[Records from a data source]
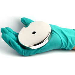 Este íman em caixa é circular, cilíndrico, com a forma de um cilindro ou de um disco.
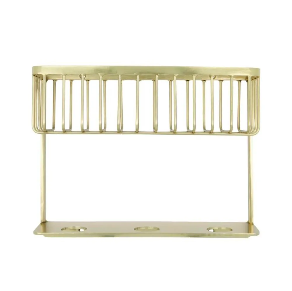 Hold badeværelset ryddeligt og produkterne inden for rækkevidde med denne hylde. Hylden er fremstillet af rustfrit stål og er udført med en messingfarvet overflade for at skabe et elegant og tidløst look. Designet udnytter pladsen bedst muligt med en kurv og en bøje, hvor der er plads til tre flasker. Hylden er ideel i brusekabinen, idet der både kan opbevares shampoo, balsam, scrubs og tilbehør herpå. En anden mulighed er at hænge den på væggen ved vasken, således der er nem adgang til hudplejeprodukter.
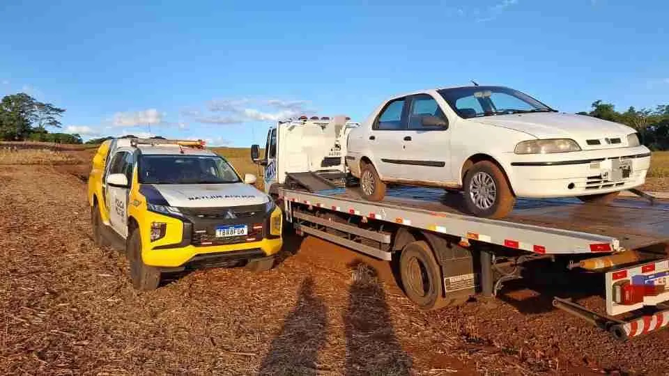 O carro foi apreendido e encaminhado ao pátio do Batalhão de Polícia Rodoviária.
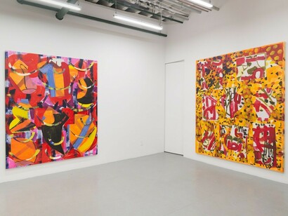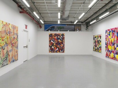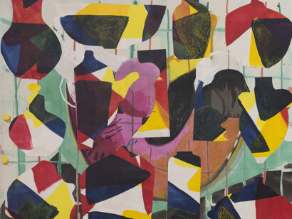 In this latest body of work, Silverstein draws inspiration from the realm of domesticity to guide her gestures. The marks on the layered surfaces are improvisational yet influenced by decorative objects. The shapes and patterns in the work reference physical objects such as ceramic vases or textiles, however the abundance of colours and lines obliterates the boundaries of the figures, releasing the viewer from symbolic references.
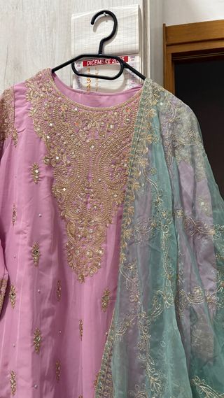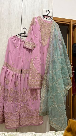Elegante abito tradizionale indiano, perfetto per occasioni speciali. - Tessuto color rosa. - Ricami dorati dettagliati sul corpetto e sulle maniche. - Pantaloni abbinati con decorazioni. - Dupatta (sciarpa) in tessuto leggero color verde acqua con bordi ricamati.
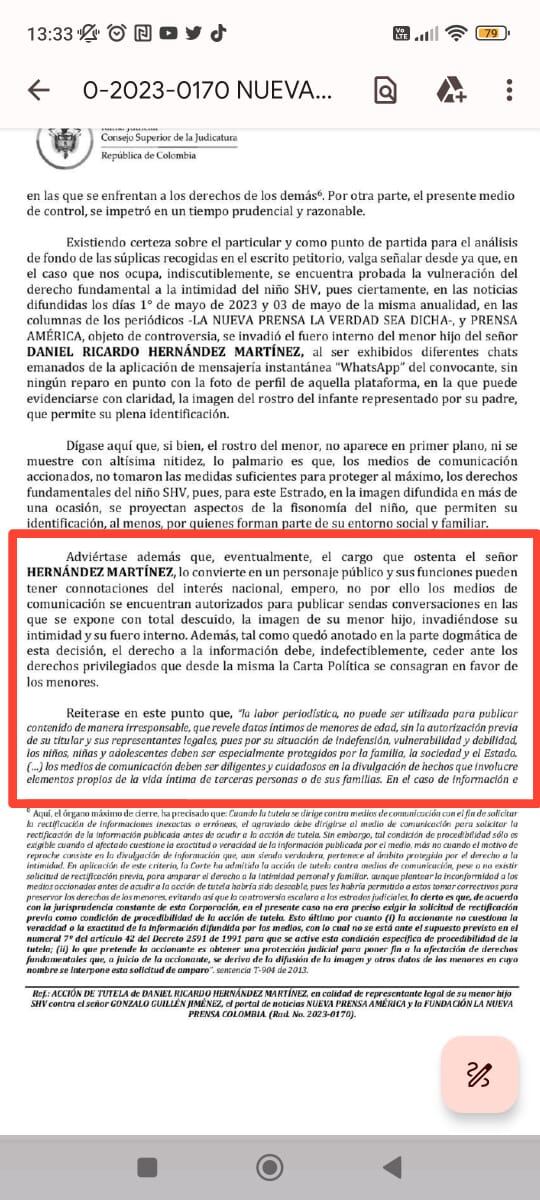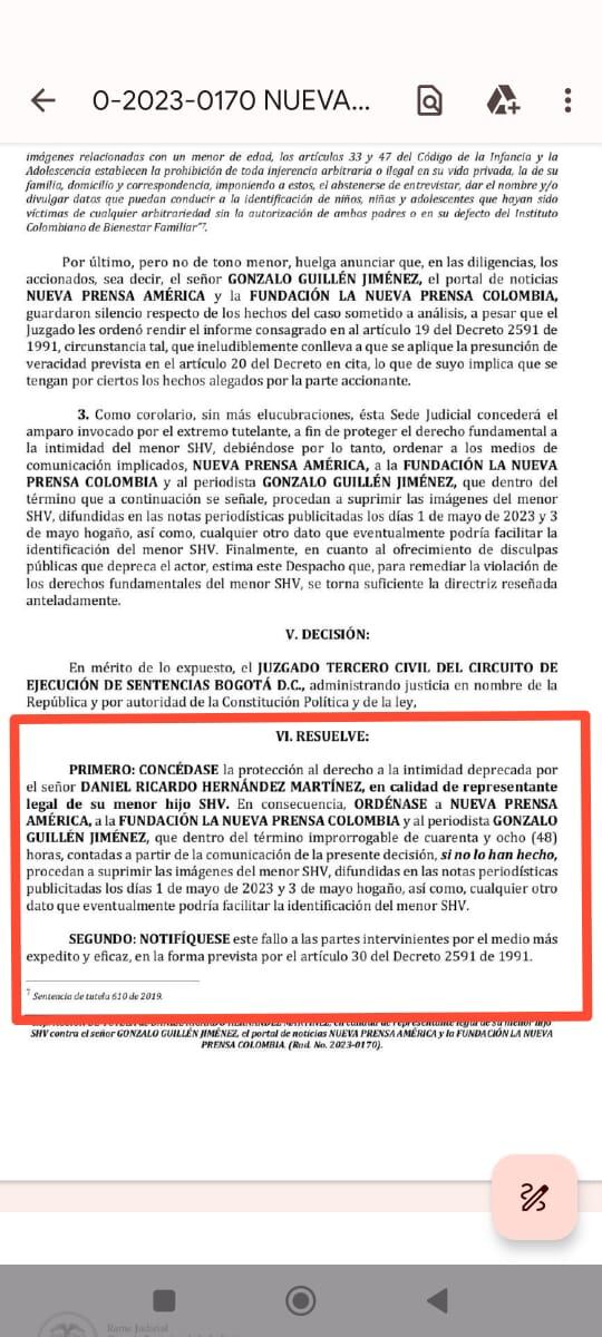 El juez tuteló los derechos del menor porque la publicación de La Nueva Prensa vulneró su intimidad e integridad. En el Consejo de Estado está pendiente de resolverse una tutela en igual sentido contra el Presidente de la República, Gustavo Petro

# Work request
The records above should be repeated exactly, with every picture omitted.

# Reply
 Este íman em caixa é circular, cilíndrico, com a forma de um cilindro ou de um disco.
 Hold badeværelset ryddeligt og produkterne inden for rækkevidde med denne hylde. Hylden er fremstillet af rustfrit stål og er udført med en messingfarvet overflade for at skabe et elegant og tidløst look. Designet udnytter pladsen bedst muligt med en kurv og en bøje, hvor der er plads til tre flasker. Hylden er ideel i brusekabinen, idet der både kan opbevares shampoo, balsam, scrubs og tilbehør herpå. En anden mulighed er at hænge den på væggen ved vasken, således der er nem adgang til hudplejeprodukter.
 O carro foi apreendido e encaminhado ao pátio do Batalhão de Polícia Rodoviária.
 In this latest body of work, Silverstein draws inspiration from the realm of domesticity to guide her gestures. The marks on the layered surfaces are improvisational yet influenced by decorative objects. The shapes and patterns in the work reference physical objects such as ceramic vases or textiles, however the abundance of colours and lines obliterates the boundaries of the figures, releasing the viewer from symbolic references.
Elegante abito tradizionale indiano, perfetto per occasioni speciali. - Tessuto color rosa. - Ricami dorati dettagliati sul corpetto e sulle maniche. - Pantaloni abbinati con decorazioni. - Dupatta (sciarpa) in tessuto leggero color verde acqua con bordi ricamati.
 El juez tuteló los derechos del menor porque la publicación de La Nueva Prensa vulneró su intimidad e integridad. En el Consejo de Estado está pendiente de resolverse una tutela en igual sentido contra el Presidente de la República, Gustavo Petro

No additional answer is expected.